**Exercise description**
Images aside, return all the entries exactly.

Data excerpts
_ _ _ _

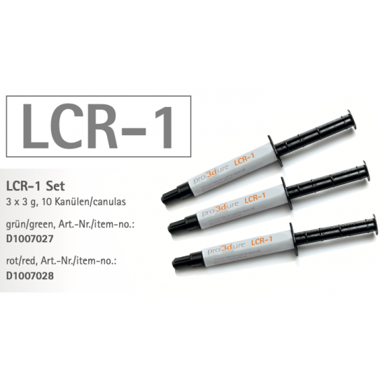 Das LCR-1 ist ein lichthärtendes Gel für eine Vielzahl von Indikationen. Dazu zählen z. B. der Einsatz in der Formgießtechnik, als Ausblockmaterial für Bleachingschienen und in sehr vorteilhafter Weise als Reparaturmaterial für 3D-Druck-Gussobjekte. Das Gel ist thixotrop, deshalb standfest und optimal kontrollierbar beim Modellieren. LCR-1 hat einen geringen Schrumpf und bietet so eine aussergewöhnliche Dimensionsstabilität und Passgenauigkeit. Es verbrennt rückstandsfrei.
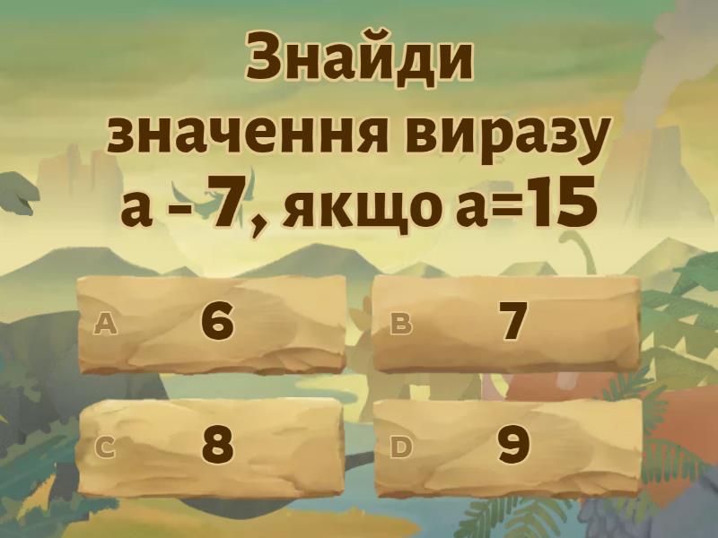 1) Знайди значення виразу а - 7, якщо а=15 a) 6 b) 7 c) 8 d) 9 2) Знайди значення виразу b + 5, якщо b = 8 a) 12 b) 13 c) 16 d) 10 3) Знайди значення виразу c + c, якщо c = 7 a) 14 b) 16 c) 15 d) 13 4) Знайди значення виразу k - 5, якщо k = 12 a) 8 b) 7 c) 5 d) 9 5) Знайди значення виразу c - 9, якщо c = 18 a) 7 b) 8 c) 9 d) 6 6) Знайди значення виразу 25 - c + b, якщо c = 9, b = 5 a) 21 b) 22 c) 19 d) 18
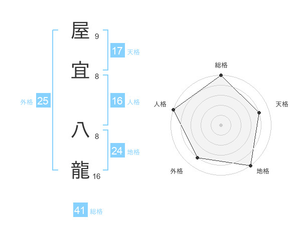 屋宜 八龍さんの総格は41画の5点!
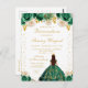 Denna eleganta och glamourösa Quinceañera-födelsedagsinbjudan presenterar en vacker prinsessa med mörkt hår i en krona och grön bollsrok. Texten kombinerar handskriven skrift och moderna sans serif-teckensnitt för en klassisk och sofistikerad look. De blomsterarrangemangen och det gyllene konfettit skapar den perfekta blandningen av rustik och chic.
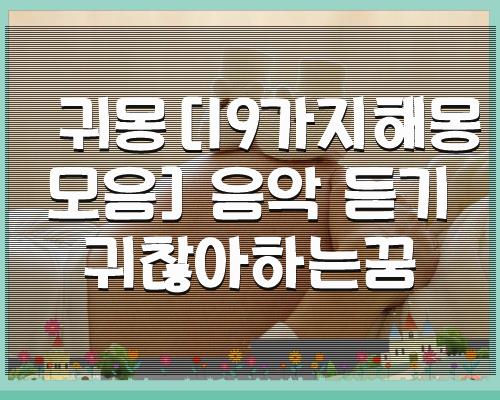 위 정리드린 해몽내용은 귀몽[19가지해몽모음] 음악 듣기 귀찮아하는꿈 알아보았습니다. 해몽정보가 꿈해몽 찾으셨던분께 좋은 정보가 되셨길 바랍니다.
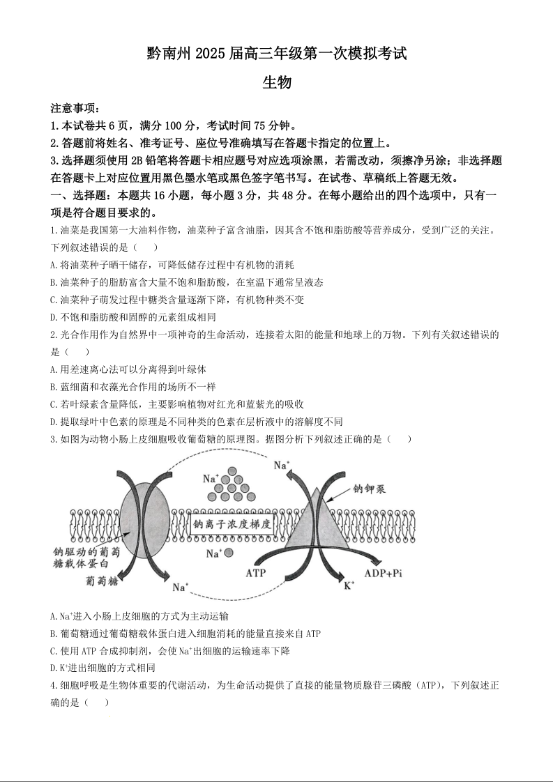 贵州省黔南州2025届高三年级第一次模拟考试生物

_ _ _ _

**Solved problem**
 Das LCR-1 ist ein lichthärtendes Gel für eine Vielzahl von Indikationen. Dazu zählen z. B. der Einsatz in der Formgießtechnik, als Ausblockmaterial für Bleachingschienen und in sehr vorteilhafter Weise als Reparaturmaterial für 3D-Druck-Gussobjekte. Das Gel ist thixotrop, deshalb standfest und optimal kontrollierbar beim Modellieren. LCR-1 hat einen geringen Schrumpf und bietet so eine aussergewöhnliche Dimensionsstabilität und Passgenauigkeit. Es verbrennt rückstandsfrei.
 1) Знайди значення виразу а - 7, якщо а=15 a) 6 b) 7 c) 8 d) 9 2) Знайди значення виразу b + 5, якщо b = 8 a) 12 b) 13 c) 16 d) 10 3) Знайди значення виразу c + c, якщо c = 7 a) 14 b) 16 c) 15 d) 13 4) Знайди значення виразу k - 5, якщо k = 12 a) 8 b) 7 c) 5 d) 9 5) Знайди значення виразу c - 9, якщо c = 18 a) 7 b) 8 c) 9 d) 6 6) Знайди значення виразу 25 - c + b, якщо c = 9, b = 5 a) 21 b) 22 c) 19 d) 18
 屋宜 八龍さんの総格は41画の5点!
 Denna eleganta och glamourösa Quinceañera-födelsedagsinbjudan presenterar en vacker prinsessa med mörkt hår i en krona och grön bollsrok. Texten kombinerar handskriven skrift och moderna sans serif-teckensnitt för en klassisk och sofistikerad look. De blomsterarrangemangen och det gyllene konfettit skapar den perfekta blandningen av rustik och chic.
 위 정리드린 해몽내용은 귀몽[19가지해몽모음] 음악 듣기 귀찮아하는꿈 알아보았습니다. 해몽정보가 꿈해몽 찾으셨던분께 좋은 정보가 되셨길 바랍니다.
 贵州省黔南州2025届高三年级第一次模拟考试生物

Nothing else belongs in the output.